**Data excerpts:**
_____

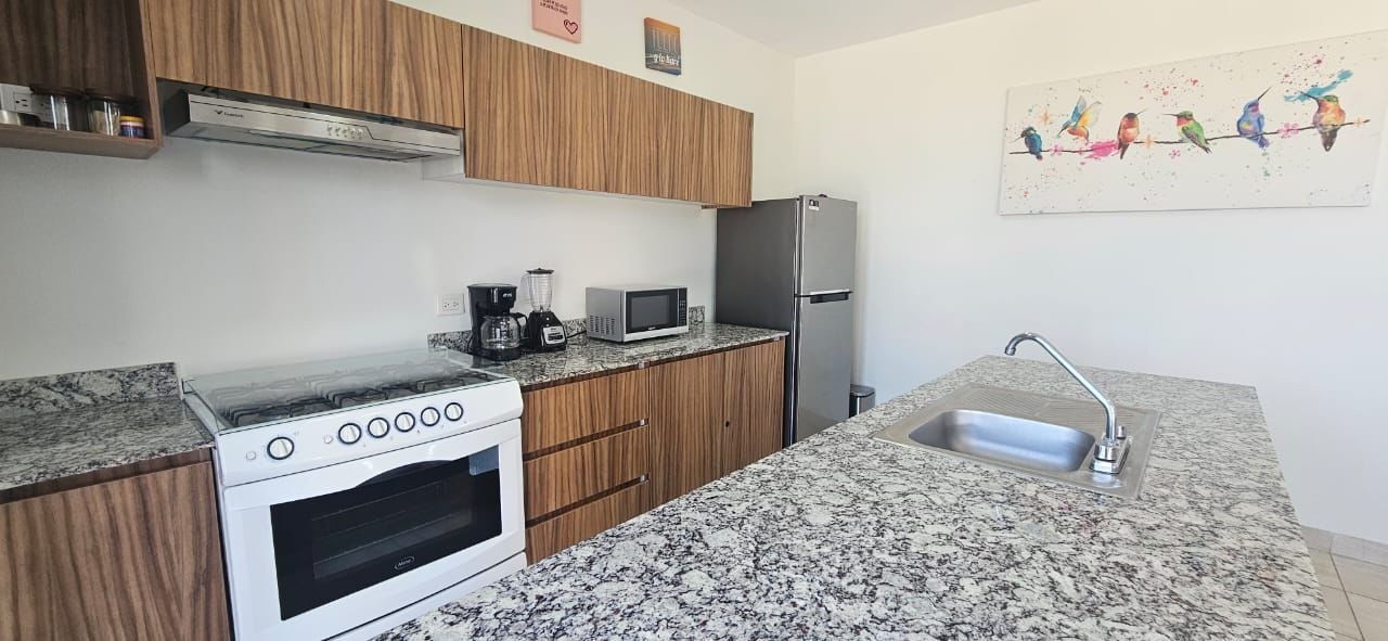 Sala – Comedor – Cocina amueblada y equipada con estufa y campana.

_____

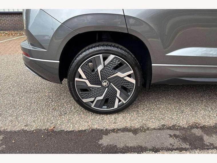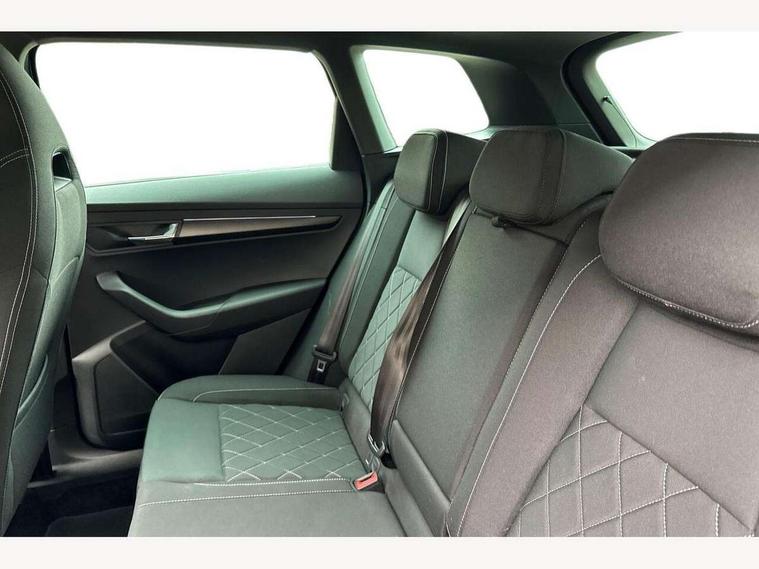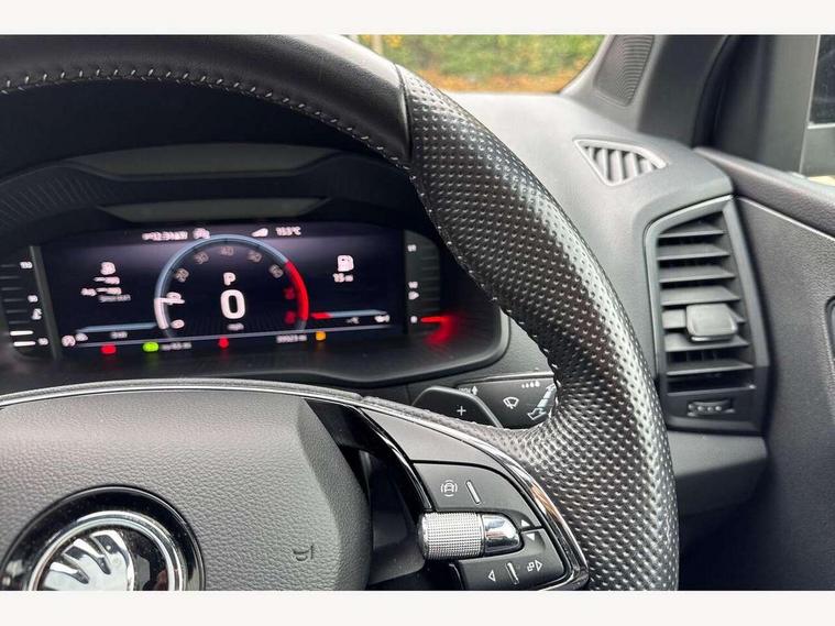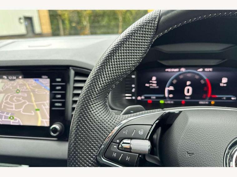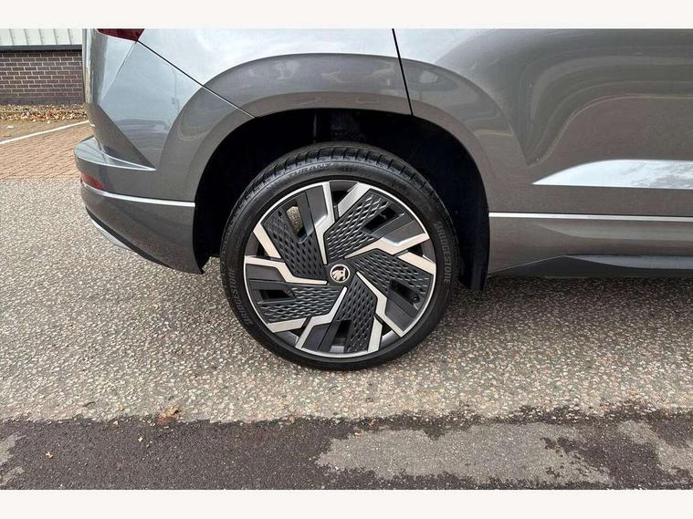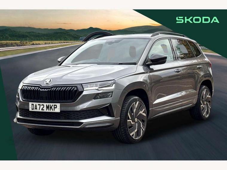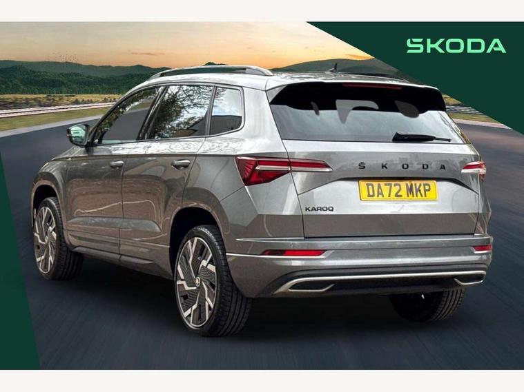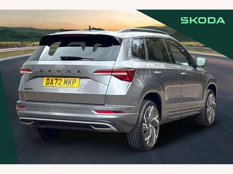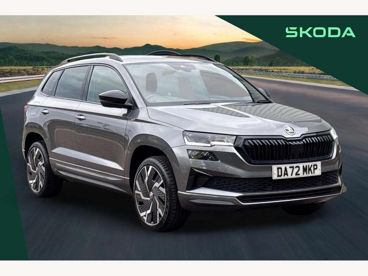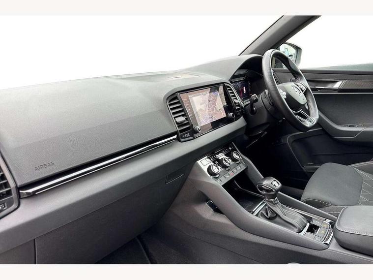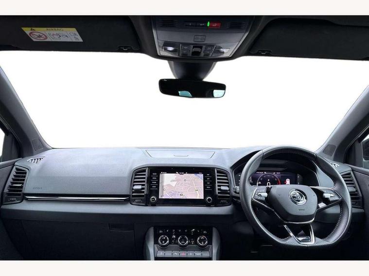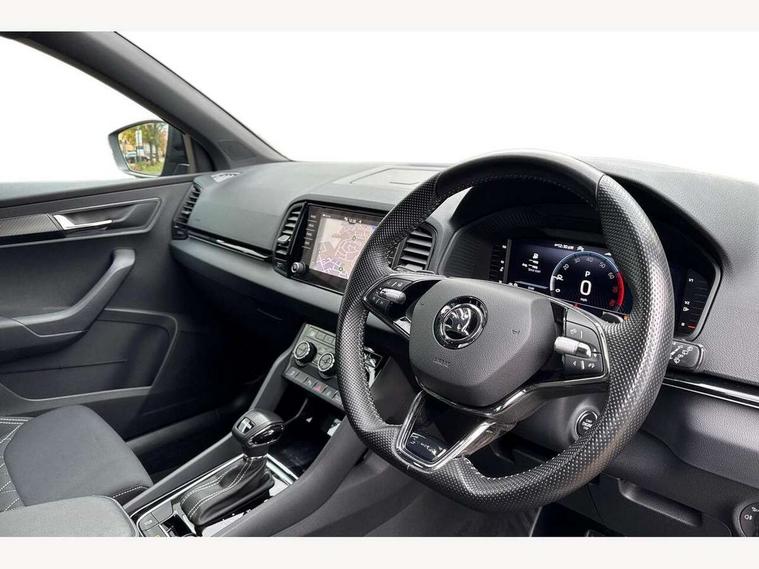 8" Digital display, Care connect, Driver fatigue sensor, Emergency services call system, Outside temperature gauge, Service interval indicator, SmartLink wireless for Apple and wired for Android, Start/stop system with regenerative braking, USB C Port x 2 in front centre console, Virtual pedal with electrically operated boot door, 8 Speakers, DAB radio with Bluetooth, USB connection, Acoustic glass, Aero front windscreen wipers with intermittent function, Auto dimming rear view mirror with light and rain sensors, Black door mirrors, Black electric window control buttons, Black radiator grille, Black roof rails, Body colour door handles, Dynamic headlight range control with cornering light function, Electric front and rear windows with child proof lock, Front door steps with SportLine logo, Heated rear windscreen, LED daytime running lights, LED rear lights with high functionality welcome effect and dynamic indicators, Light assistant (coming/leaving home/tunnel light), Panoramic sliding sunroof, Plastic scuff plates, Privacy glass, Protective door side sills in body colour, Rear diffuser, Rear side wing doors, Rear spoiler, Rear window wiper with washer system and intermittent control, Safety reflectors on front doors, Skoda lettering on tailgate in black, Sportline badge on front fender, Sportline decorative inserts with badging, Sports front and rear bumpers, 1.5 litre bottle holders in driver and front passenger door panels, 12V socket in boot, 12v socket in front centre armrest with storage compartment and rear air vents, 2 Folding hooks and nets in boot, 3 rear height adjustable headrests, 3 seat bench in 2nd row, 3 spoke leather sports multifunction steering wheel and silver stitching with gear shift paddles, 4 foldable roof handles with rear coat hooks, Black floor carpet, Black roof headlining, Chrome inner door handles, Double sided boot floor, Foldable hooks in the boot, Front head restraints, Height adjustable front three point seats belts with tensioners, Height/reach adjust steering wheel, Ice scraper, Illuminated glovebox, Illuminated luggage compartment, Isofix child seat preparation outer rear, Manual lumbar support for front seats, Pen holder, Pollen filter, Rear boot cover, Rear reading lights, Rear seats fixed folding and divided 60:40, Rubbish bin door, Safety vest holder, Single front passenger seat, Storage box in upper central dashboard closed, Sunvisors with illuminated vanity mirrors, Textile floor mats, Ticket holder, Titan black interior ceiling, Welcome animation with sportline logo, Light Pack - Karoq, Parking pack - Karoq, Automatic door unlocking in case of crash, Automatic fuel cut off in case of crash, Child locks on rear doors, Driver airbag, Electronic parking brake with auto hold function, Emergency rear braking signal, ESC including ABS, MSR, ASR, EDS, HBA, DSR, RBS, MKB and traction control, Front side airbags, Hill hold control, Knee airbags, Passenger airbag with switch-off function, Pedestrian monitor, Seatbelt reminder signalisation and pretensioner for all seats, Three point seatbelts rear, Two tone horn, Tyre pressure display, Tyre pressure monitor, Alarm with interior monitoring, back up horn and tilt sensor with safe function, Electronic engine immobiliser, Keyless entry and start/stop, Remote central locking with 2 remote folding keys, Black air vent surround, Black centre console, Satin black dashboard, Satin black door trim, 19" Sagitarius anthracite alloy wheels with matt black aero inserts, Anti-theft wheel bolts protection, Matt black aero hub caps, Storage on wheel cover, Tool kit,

_____

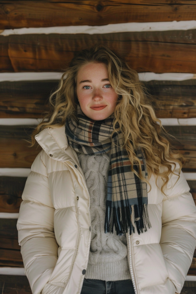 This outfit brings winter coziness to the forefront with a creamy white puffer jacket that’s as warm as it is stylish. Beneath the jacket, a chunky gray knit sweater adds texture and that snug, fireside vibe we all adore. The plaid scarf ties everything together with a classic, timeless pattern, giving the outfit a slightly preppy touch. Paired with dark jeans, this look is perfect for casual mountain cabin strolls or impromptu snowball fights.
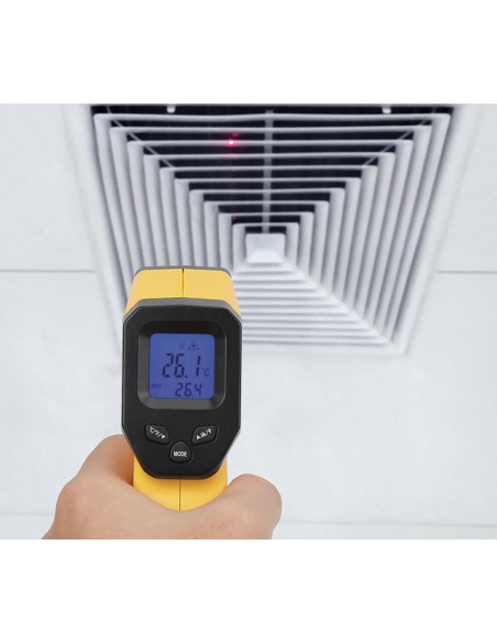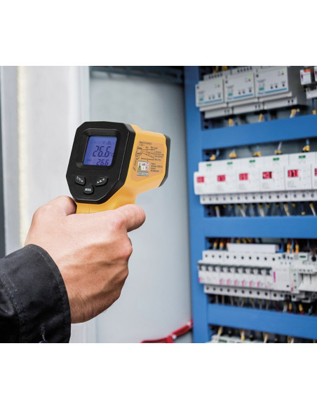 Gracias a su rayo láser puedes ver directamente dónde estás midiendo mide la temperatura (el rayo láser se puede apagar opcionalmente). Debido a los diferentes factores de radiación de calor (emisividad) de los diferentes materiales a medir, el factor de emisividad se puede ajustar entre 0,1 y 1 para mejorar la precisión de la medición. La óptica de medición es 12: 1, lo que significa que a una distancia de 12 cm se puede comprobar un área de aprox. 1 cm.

_____

**Work to be completed:** The stretch to restate runs from the line above containing "This outfit brings" through the line containing "Gracias a su". Copy it word for word, ends included, without pictures.

**Task solution:**
 This outfit brings winter coziness to the forefront with a creamy white puffer jacket that’s as warm as it is stylish. Beneath the jacket, a chunky gray knit sweater adds texture and that snug, fireside vibe we all adore. The plaid scarf ties everything together with a classic, timeless pattern, giving the outfit a slightly preppy touch. Paired with dark jeans, this look is perfect for casual mountain cabin strolls or impromptu snowball fights.
 Gracias a su rayo láser puedes ver directamente dónde estás midiendo mide la temperatura (el rayo láser se puede apagar opcionalmente). Debido a los diferentes factores de radiación de calor (emisividad) de los diferentes materiales a medir, el factor de emisividad se puede ajustar entre 0,1 y 1 para mejorar la precisión de la medición. La óptica de medición es 12: 1, lo que significa que a una distancia de 12 cm se puede comprobar un área de aprox. 1 cm.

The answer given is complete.